▶ Source data:
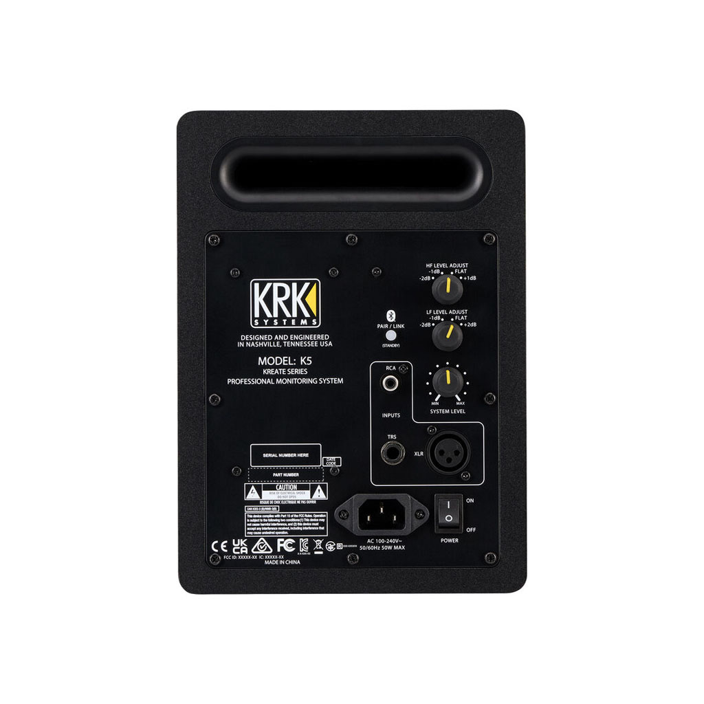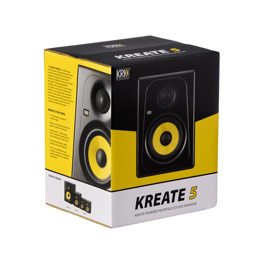 The KRK Kreate 5 is a budget-friendly studio monitor that builds on the success of KRK’s popular Classic Series, now enhanced with Bluetooth connectivity. This near-field, active monitor delivers the renowned KRK sound, famed for its clarity, transparency, and vibrancy. Kreate 5 offers 55W of bi-amped, Class-AB amplification that powers a 5″ glass aramid woofer and a 1″ textile-dome tweeter, ensuring accurate frequency response and reliable performance for precision monitoring. Dedicated level, high-frequency, and low-frequency controls aid in tuning your monitor for your specific acoustic environment.
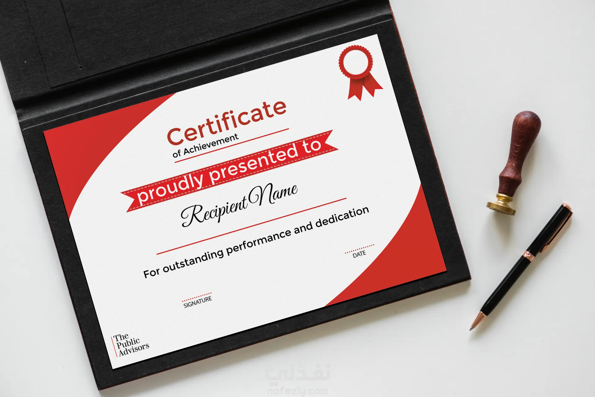 راح أصمملك شهادة تقدير بتصميم شيك واحترافي، وبألوان تتماشى مع ألوان البراند أو ألوانك المفضّلة.
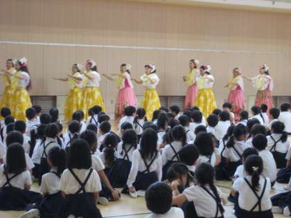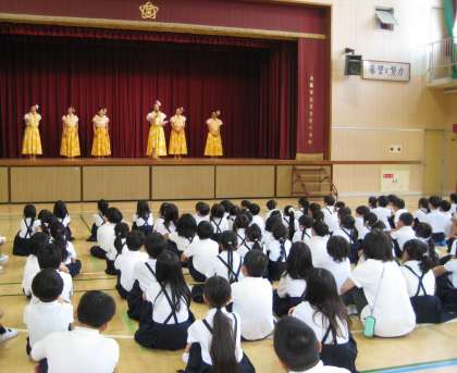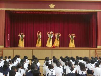 子ども達に、いろいろな国の文化を知り、日本との違いや良さを知ってもらいたいと常に願い考えています。今回は、フラの「角野祐美子 先生」とダンサーの方々、計10名のご厚意により、低学年・高学年に分かれて観賞会を行いました。
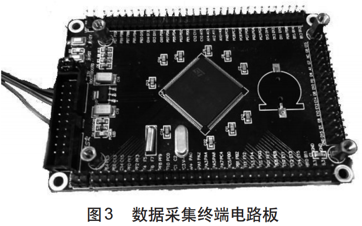 对于数据采集终端,所采集的数据包括天然气管道数据、电力管道数据及管廊环境数据。其中天然气管道的采集数据包括天然气的压力、流量及声波数据;电力管道的采集数据包括输电线路的电流及电压;管廊环境的采集数据包括地下综合管廊内的甲烷浓度、温度及人员入侵(采用红外传感器及摄像头实现)数据。采集到的数据实时传入数据采集终端的微处理器(MCU,采用STM32单片机搭建),微处理器将采集到的数据进行标定处理后,经电缆线实时传输到数据处理终端。其中声波传感器、压力传感器、电流传感器、电压传感器、甲烷浓度传感器及红外传感器均为0-5V电压信号输入,而所使用的微处理器为数字芯片,因此需进行数模转换,此处采用 16 位的 AD7705 芯片进行数模转换[6],而流量传感器及温度传感器的输出数据为数字量,可直接接微处理器进行处理。根据电路设计,加工完成的数据采集端电路板如图3所示。

▶ Your objective: Where the data contains images, drop them and print the rest exactly.

▶ Expected answer:
 The KRK Kreate 5 is a budget-friendly studio monitor that builds on the success of KRK’s popular Classic Series, now enhanced with Bluetooth connectivity. This near-field, active monitor delivers the renowned KRK sound, famed for its clarity, transparency, and vibrancy. Kreate 5 offers 55W of bi-amped, Class-AB amplification that powers a 5″ glass aramid woofer and a 1″ textile-dome tweeter, ensuring accurate frequency response and reliable performance for precision monitoring. Dedicated level, high-frequency, and low-frequency controls aid in tuning your monitor for your specific acoustic environment.
 راح أصمملك شهادة تقدير بتصميم شيك واحترافي، وبألوان تتماشى مع ألوان البراند أو ألوانك المفضّلة.
 子ども達に、いろいろな国の文化を知り、日本との違いや良さを知ってもらいたいと常に願い考えています。今回は、フラの「角野祐美子 先生」とダンサーの方々、計10名のご厚意により、低学年・高学年に分かれて観賞会を行いました。
 对于数据采集终端,所采集的数据包括天然气管道数据、电力管道数据及管廊环境数据。其中天然气管道的采集数据包括天然气的压力、流量及声波数据;电力管道的采集数据包括输电线路的电流及电压;管廊环境的采集数据包括地下综合管廊内的甲烷浓度、温度及人员入侵(采用红外传感器及摄像头实现)数据。采集到的数据实时传入数据采集终端的微处理器(MCU,采用STM32单片机搭建),微处理器将采集到的数据进行标定处理后,经电缆线实时传输到数据处理终端。其中声波传感器、压力传感器、电流传感器、电压传感器、甲烷浓度传感器及红外传感器均为0-5V电压信号输入,而所使用的微处理器为数字芯片,因此需进行数模转换,此处采用 16 位的 AD7705 芯片进行数模转换[6],而流量传感器及温度传感器的输出数据为数字量,可直接接微处理器进行处理。根据电路设计,加工完成的数据采集端电路板如图3所示。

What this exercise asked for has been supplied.